Stephen Tanner scite author profile

The non-functional form of xanthine oxidase known as the desulpho enzyme was compared with the functional enzyme in various ways, to obtain information on the structure of the molybdenum centre and the mechanism of the catalytic reaction. The desulpho enzyme, like the functional one, possesses a site for the binding of anions, presumably as ligands of molybdenum. Evidence is presented that in the Mo(V) e.p.r. signal from the desulpho-enzyme, as in that from the functional enzyme, a weakly coupled proton, in addition to a strongly coupled proton, interacts with the metal.

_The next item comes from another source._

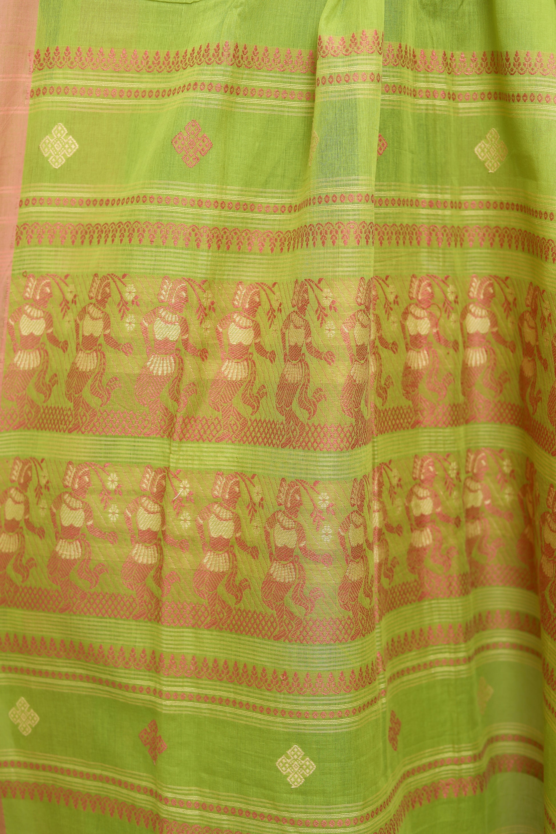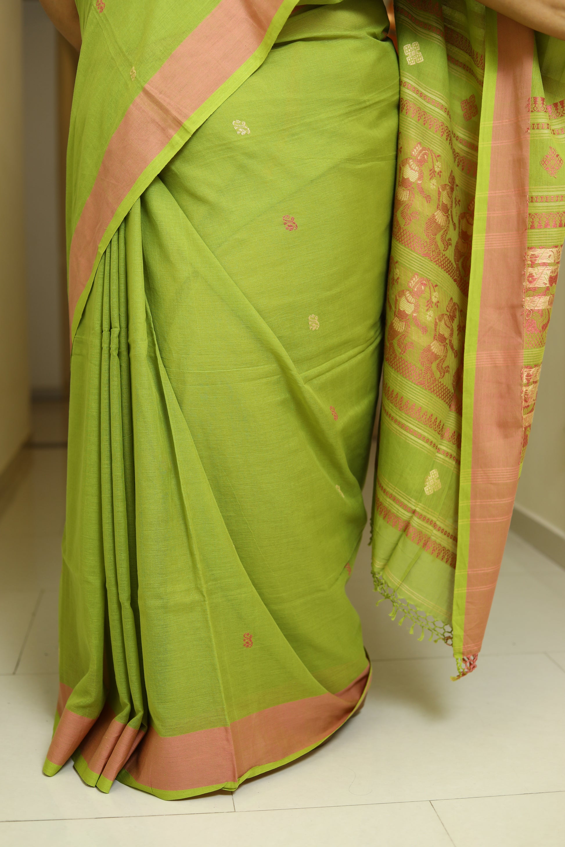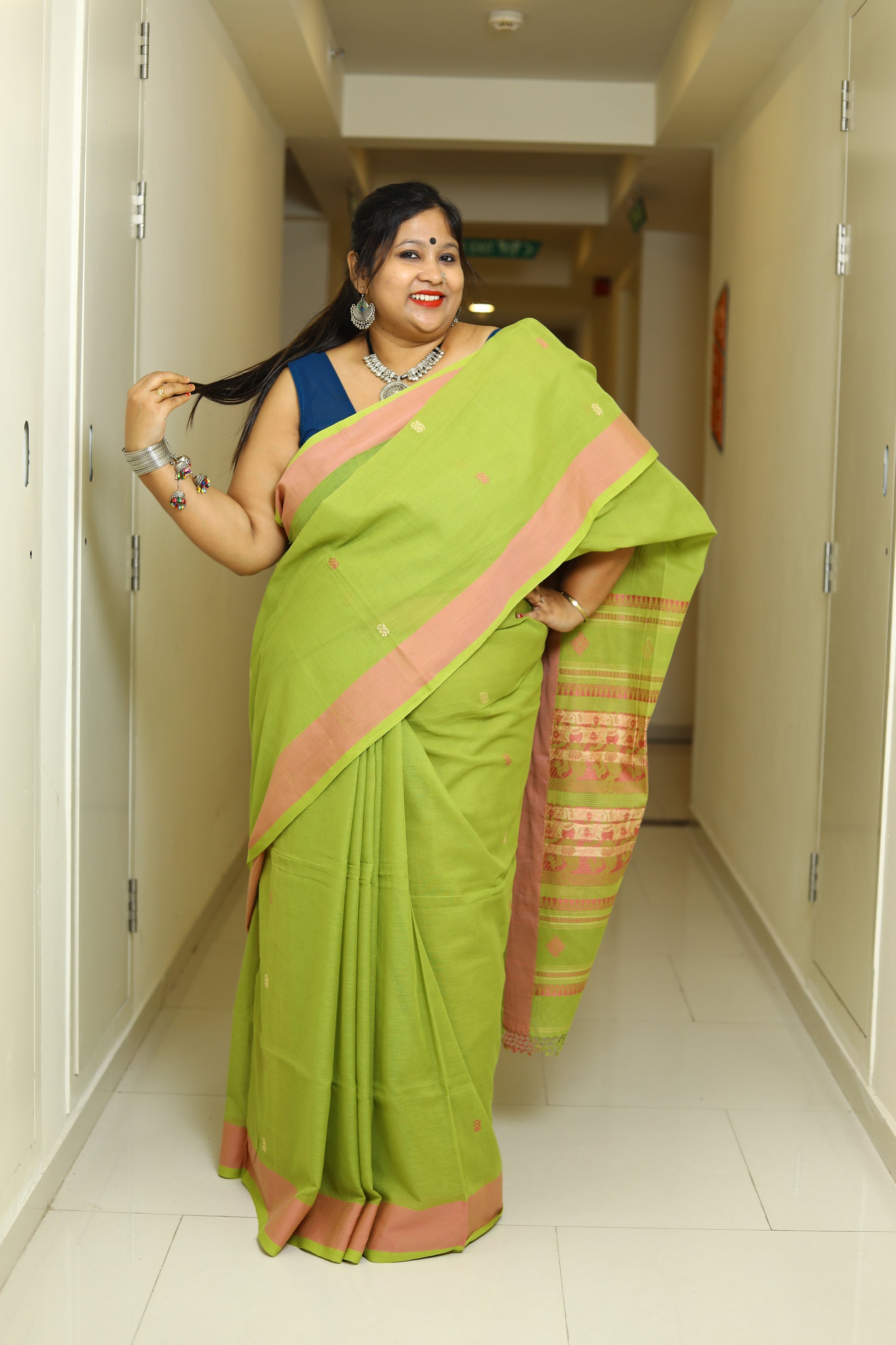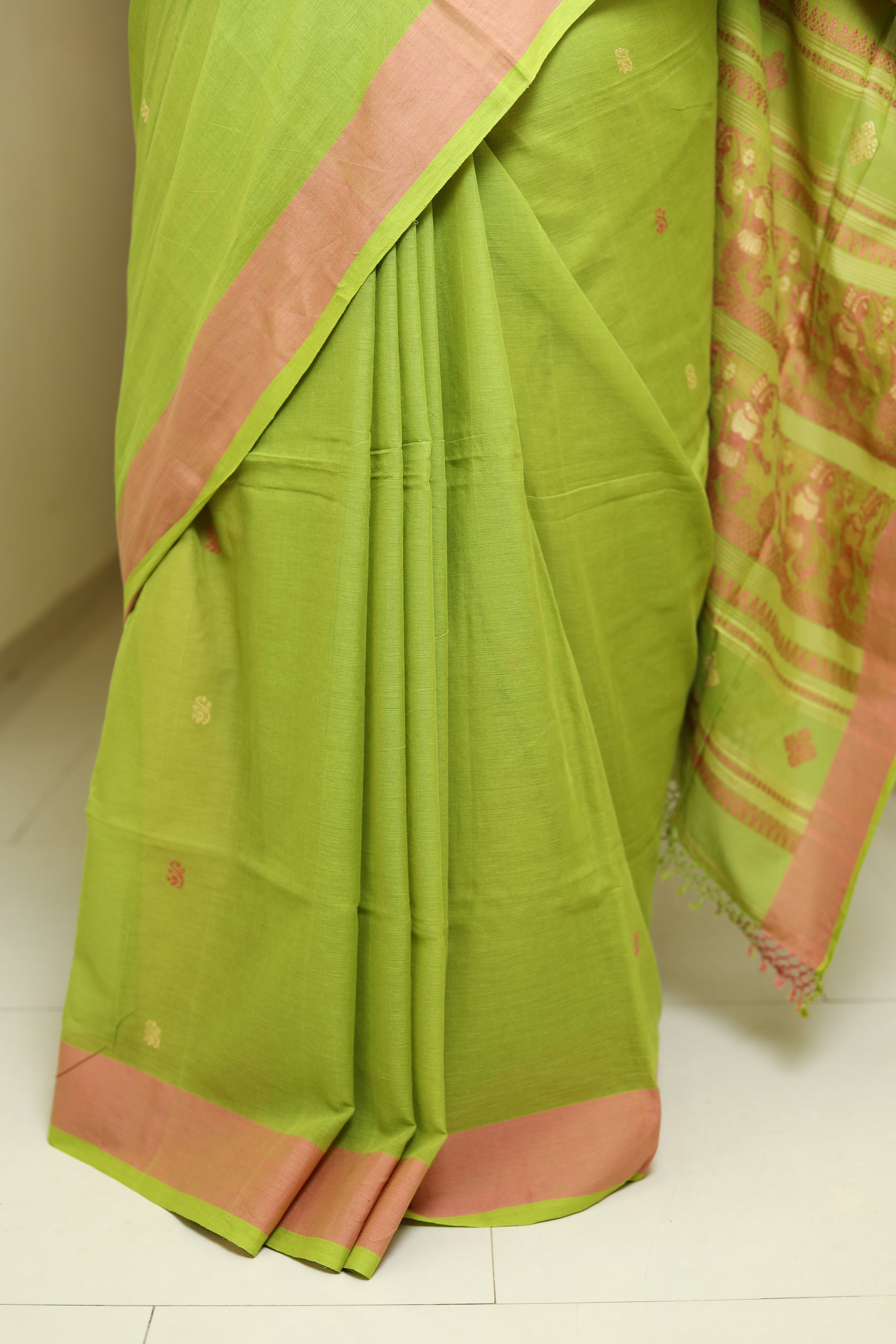 Pure cotton handloomed Baluchari sarees are exquisite traditional attire known for their rich heritage and intricate artistry. Originating from Bengal, these sarees are characterized by their soft, breathable fabric and vibrant colors.

Measurements were carried out by e.p.r. on the rate at which the proton strongly coupled to molybdenum exchanged, on diluting enzyme samples with 2H2O. For the desulpho enzyme the exchange rate constant was 0.40s-1, at pH 8.2 and 12 degrees C, and for the functional enzyme it was 85 s-1. It is shown that the great majority of reported differences between the enzyme forms are consistent with functional enzyme containing an (Enzyme)-Mo=S grouping, replaced in the desulpho form by (Enzyme)-Mo=O. Protonation of these groups, with pK values of about 8 and 10 respectively, would give (Enzyme)-Mo-SH and (Enzyme)-Mo-OH, these being the forms observed by e.p.r. The accepting group in the functional enzyme, for the proton transferred from the substrate while molybdenum is reduced in the catalytic reaction [Gutteridge, Tanner & Bray (1978) Biochem J. 175 869-878], is thus taken to be Mo=S.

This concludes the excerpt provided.